The task calls for the lines below from the line with "В квартале под" to the line with "作为一款新时代的民用家电,所", both ends included, copied exactly, without any pictures.

◆ ◆ ◆ ◆

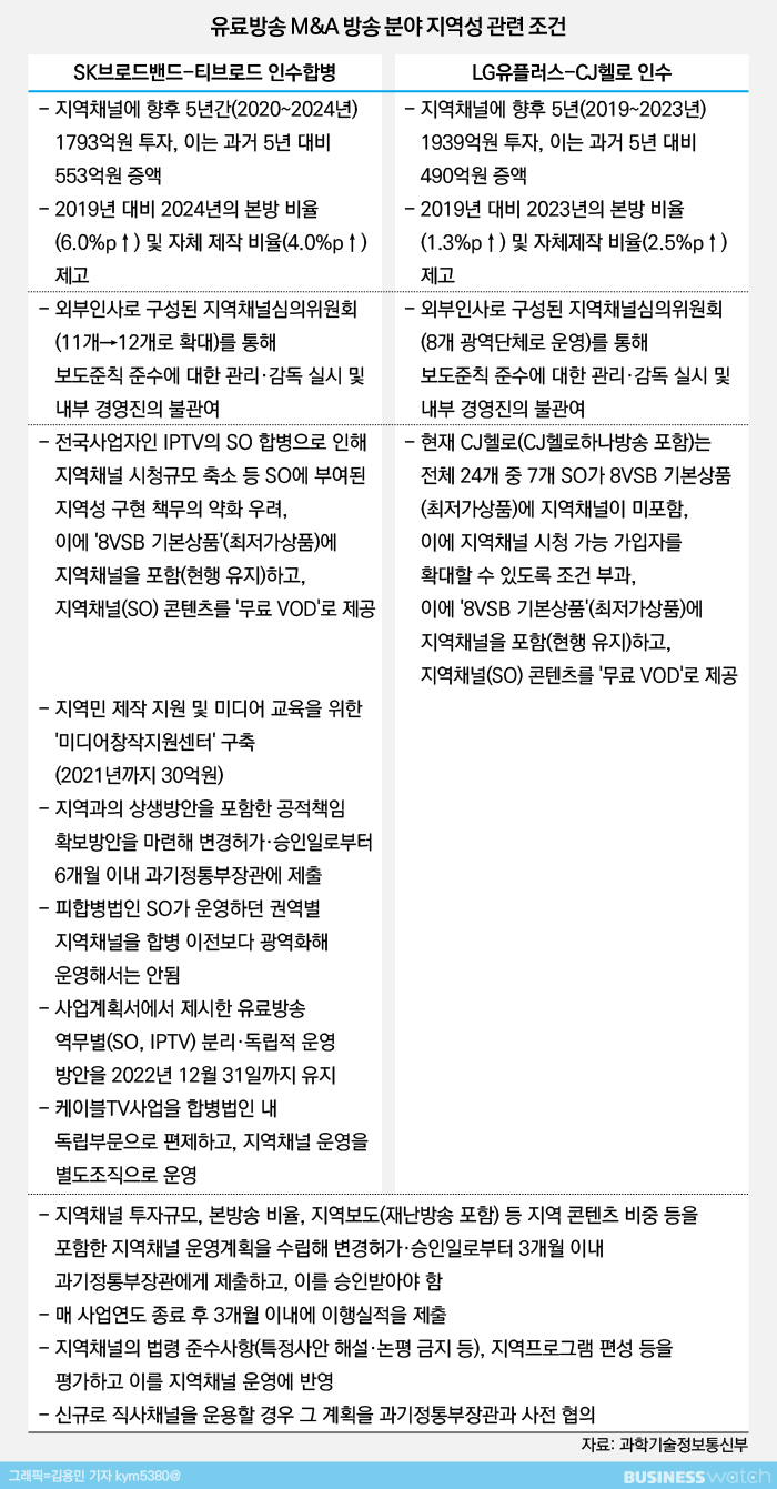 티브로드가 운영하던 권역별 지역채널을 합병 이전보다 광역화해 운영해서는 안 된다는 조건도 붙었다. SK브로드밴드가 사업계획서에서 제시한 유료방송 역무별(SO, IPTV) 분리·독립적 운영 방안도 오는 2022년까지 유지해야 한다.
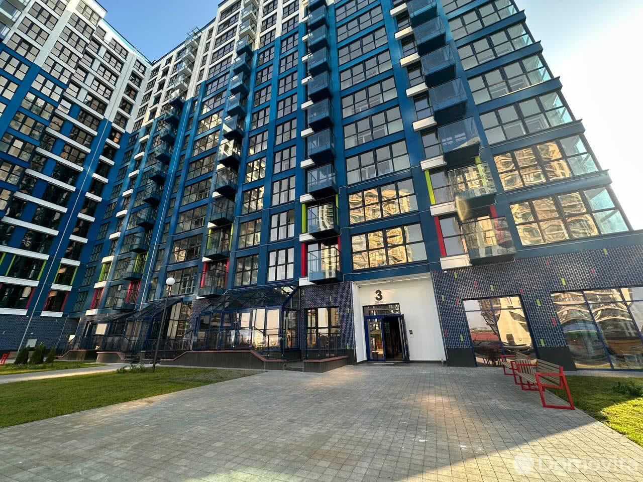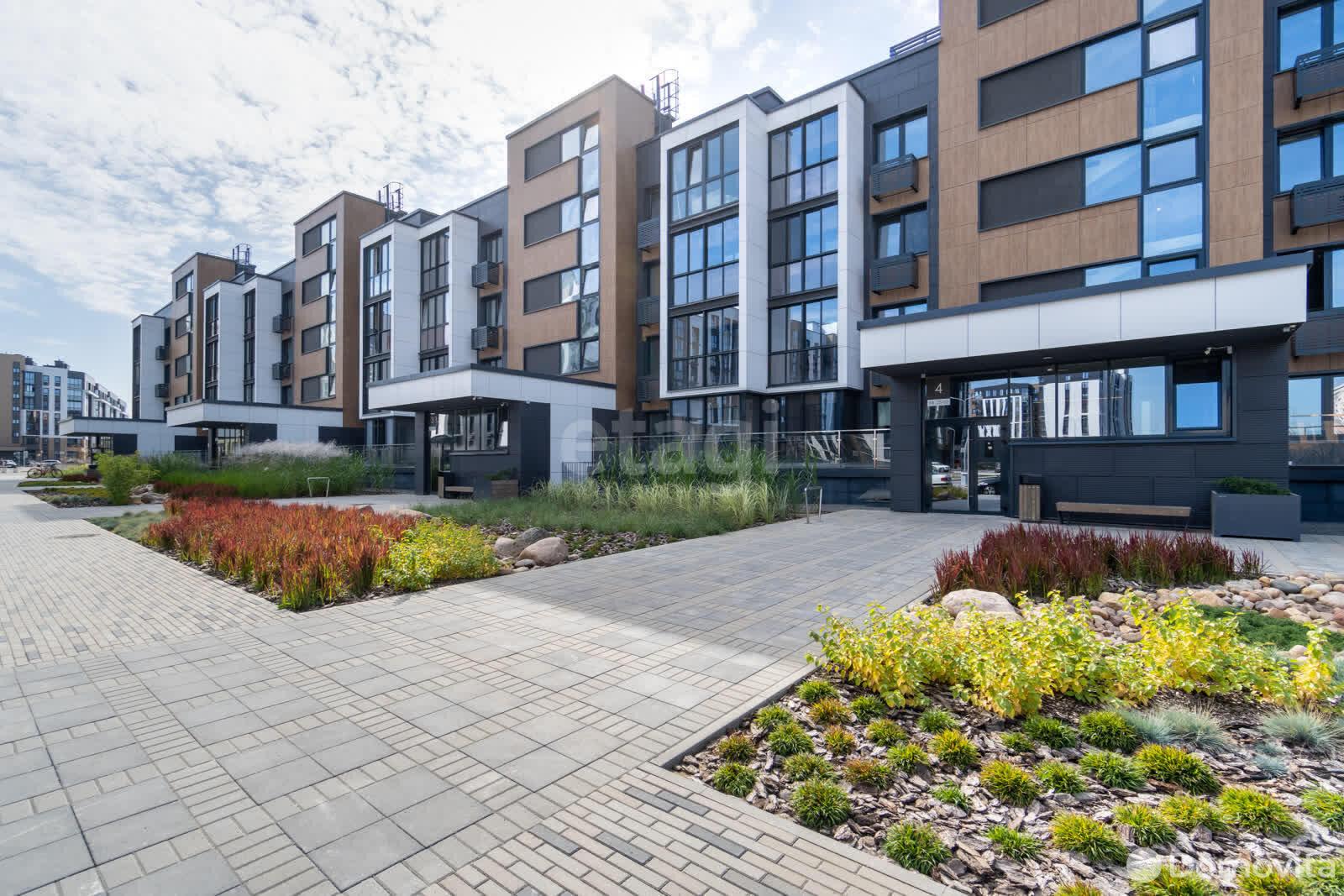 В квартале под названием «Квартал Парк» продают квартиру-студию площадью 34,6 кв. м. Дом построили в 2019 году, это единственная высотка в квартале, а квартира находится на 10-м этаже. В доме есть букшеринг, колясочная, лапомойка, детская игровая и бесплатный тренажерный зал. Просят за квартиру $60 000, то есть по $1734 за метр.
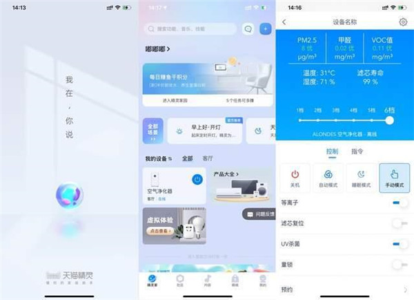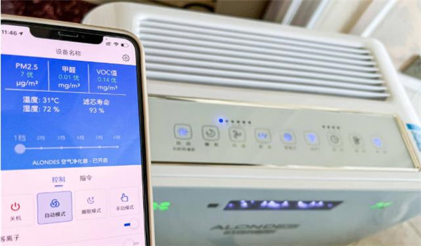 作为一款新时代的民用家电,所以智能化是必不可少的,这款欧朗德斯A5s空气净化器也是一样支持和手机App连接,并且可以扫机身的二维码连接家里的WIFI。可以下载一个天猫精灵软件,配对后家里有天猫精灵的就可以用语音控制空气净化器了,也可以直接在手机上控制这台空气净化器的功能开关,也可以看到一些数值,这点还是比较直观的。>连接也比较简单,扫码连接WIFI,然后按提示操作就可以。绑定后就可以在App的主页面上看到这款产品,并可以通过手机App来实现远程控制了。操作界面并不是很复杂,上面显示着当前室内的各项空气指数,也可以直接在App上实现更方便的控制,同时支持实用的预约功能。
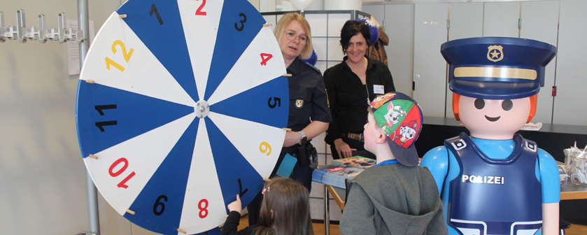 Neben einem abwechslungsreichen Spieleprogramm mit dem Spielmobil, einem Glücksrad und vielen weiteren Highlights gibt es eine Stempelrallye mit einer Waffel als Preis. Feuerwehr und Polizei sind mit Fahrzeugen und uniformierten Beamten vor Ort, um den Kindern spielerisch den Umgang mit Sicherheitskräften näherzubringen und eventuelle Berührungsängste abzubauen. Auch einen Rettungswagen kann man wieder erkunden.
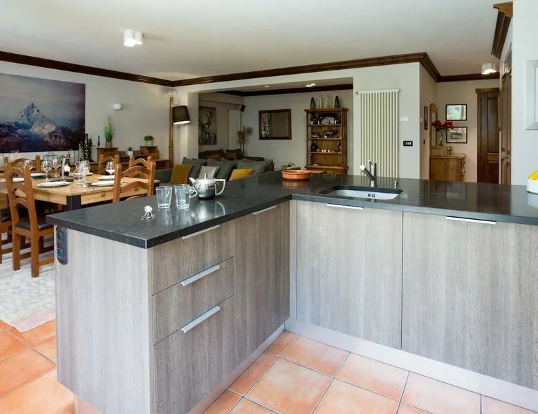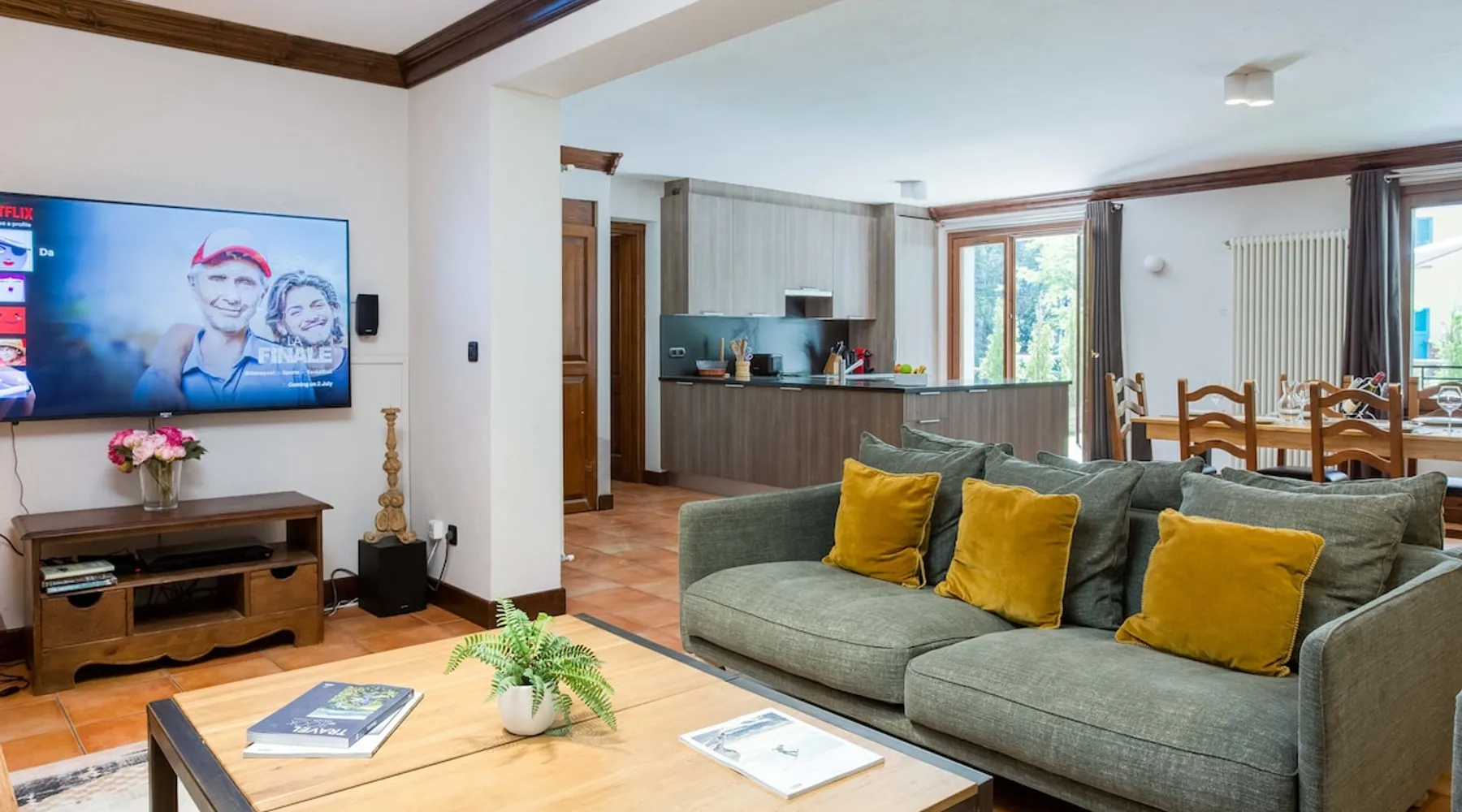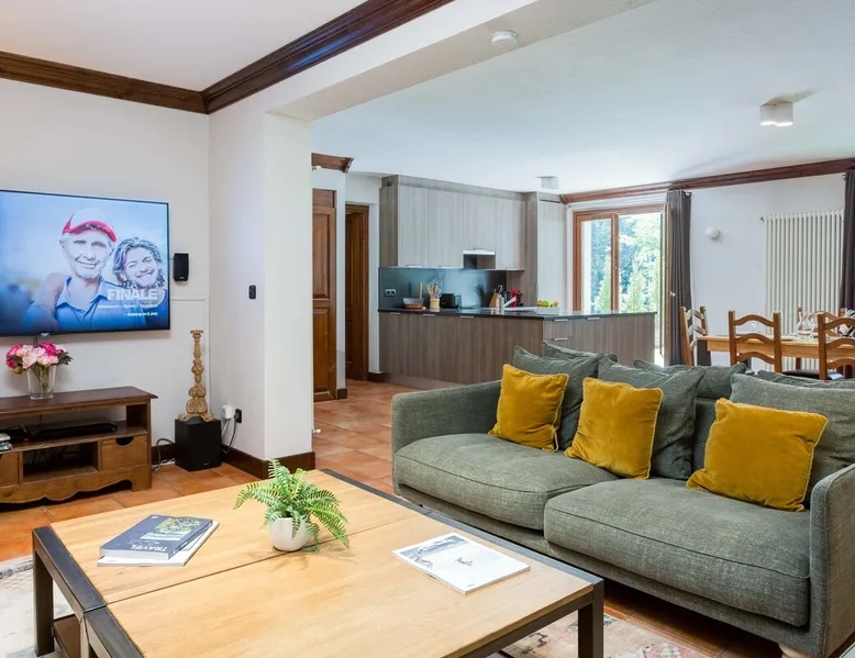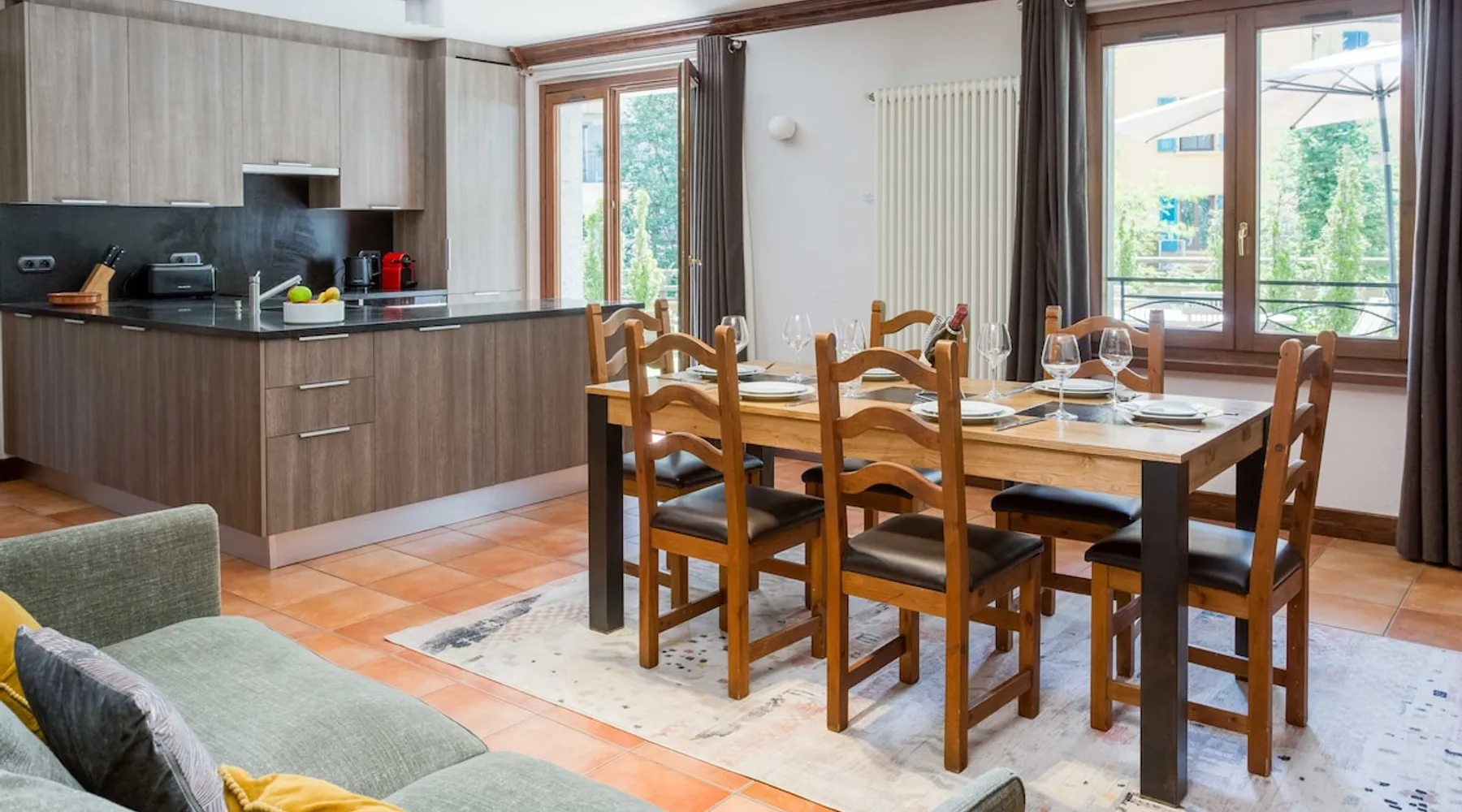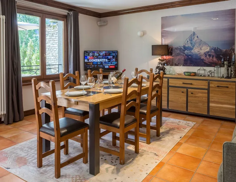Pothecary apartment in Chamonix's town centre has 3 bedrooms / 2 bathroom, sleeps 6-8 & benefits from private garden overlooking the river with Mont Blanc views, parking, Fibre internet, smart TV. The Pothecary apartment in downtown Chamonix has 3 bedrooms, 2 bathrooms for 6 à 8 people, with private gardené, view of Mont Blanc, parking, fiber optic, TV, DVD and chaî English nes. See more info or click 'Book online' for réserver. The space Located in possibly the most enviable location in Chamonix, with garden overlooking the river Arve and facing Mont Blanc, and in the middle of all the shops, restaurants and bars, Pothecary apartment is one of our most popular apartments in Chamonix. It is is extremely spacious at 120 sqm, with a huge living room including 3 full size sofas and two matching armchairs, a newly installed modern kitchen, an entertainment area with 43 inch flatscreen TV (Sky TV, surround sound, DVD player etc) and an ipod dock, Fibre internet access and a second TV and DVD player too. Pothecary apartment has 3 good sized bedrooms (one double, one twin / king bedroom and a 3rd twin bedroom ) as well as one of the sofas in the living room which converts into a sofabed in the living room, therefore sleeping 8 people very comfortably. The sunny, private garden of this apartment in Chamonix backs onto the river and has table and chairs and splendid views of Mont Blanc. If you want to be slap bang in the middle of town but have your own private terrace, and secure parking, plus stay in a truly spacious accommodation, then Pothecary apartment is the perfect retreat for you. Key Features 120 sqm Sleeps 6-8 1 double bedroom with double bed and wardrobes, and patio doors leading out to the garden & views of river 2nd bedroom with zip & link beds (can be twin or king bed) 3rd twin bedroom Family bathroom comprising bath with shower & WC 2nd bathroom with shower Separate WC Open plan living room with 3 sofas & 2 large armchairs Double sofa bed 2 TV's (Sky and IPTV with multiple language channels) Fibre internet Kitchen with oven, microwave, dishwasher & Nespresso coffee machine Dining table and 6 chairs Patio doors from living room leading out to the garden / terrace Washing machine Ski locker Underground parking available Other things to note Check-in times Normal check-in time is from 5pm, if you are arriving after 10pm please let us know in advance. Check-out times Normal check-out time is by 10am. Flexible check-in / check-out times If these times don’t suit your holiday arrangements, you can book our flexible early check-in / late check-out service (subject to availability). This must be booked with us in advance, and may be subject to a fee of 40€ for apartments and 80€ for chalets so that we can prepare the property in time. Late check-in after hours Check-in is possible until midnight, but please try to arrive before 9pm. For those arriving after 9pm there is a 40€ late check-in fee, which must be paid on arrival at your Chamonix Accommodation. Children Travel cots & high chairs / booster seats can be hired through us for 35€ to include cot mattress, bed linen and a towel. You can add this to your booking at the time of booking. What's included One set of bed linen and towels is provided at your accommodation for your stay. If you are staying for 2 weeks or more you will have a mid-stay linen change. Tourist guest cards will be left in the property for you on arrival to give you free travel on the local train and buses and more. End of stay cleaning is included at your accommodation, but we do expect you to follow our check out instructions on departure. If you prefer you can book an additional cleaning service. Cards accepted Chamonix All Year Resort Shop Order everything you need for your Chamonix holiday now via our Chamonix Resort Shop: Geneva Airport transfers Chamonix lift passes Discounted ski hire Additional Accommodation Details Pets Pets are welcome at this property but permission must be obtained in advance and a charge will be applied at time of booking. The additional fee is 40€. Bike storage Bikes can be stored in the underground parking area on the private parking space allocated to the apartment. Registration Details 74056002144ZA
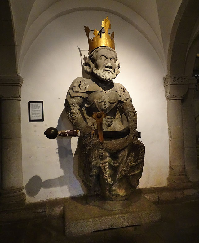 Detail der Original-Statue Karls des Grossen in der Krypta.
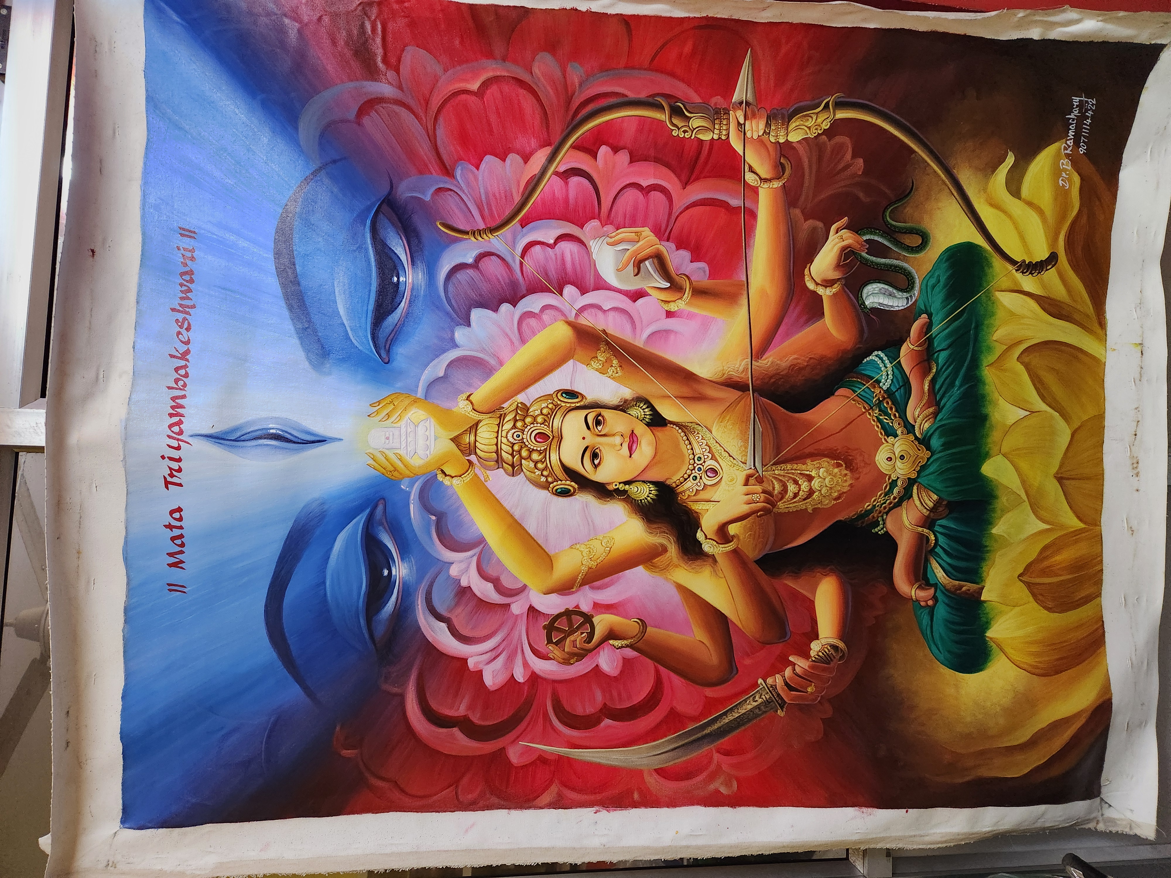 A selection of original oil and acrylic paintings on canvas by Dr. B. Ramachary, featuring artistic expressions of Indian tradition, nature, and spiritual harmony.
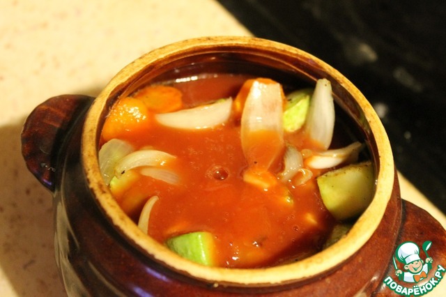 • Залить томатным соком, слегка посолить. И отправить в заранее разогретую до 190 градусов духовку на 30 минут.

◆ ◆ ◆ ◆

◆ Solution:
 В квартале под названием «Квартал Парк» продают квартиру-студию площадью 34,6 кв. м. Дом построили в 2019 году, это единственная высотка в квартале, а квартира находится на 10-м этаже. В доме есть букшеринг, колясочная, лапомойка, детская игровая и бесплатный тренажерный зал. Просят за квартиру $60 000, то есть по $1734 за метр.
 作为一款新时代的民用家电,所以智能化是必不可少的,这款欧朗德斯A5s空气净化器也是一样支持和手机App连接,并且可以扫机身的二维码连接家里的WIFI。可以下载一个天猫精灵软件,配对后家里有天猫精灵的就可以用语音控制空气净化器了,也可以直接在手机上控制这台空气净化器的功能开关,也可以看到一些数值,这点还是比较直观的。>连接也比较简单,扫码连接WIFI,然后按提示操作就可以。绑定后就可以在App的主页面上看到这款产品,并可以通过手机App来实现远程控制了。操作界面并不是很复杂,上面显示着当前室内的各项空气指数,也可以直接在App上实现更方便的控制,同时支持实用的预约功能。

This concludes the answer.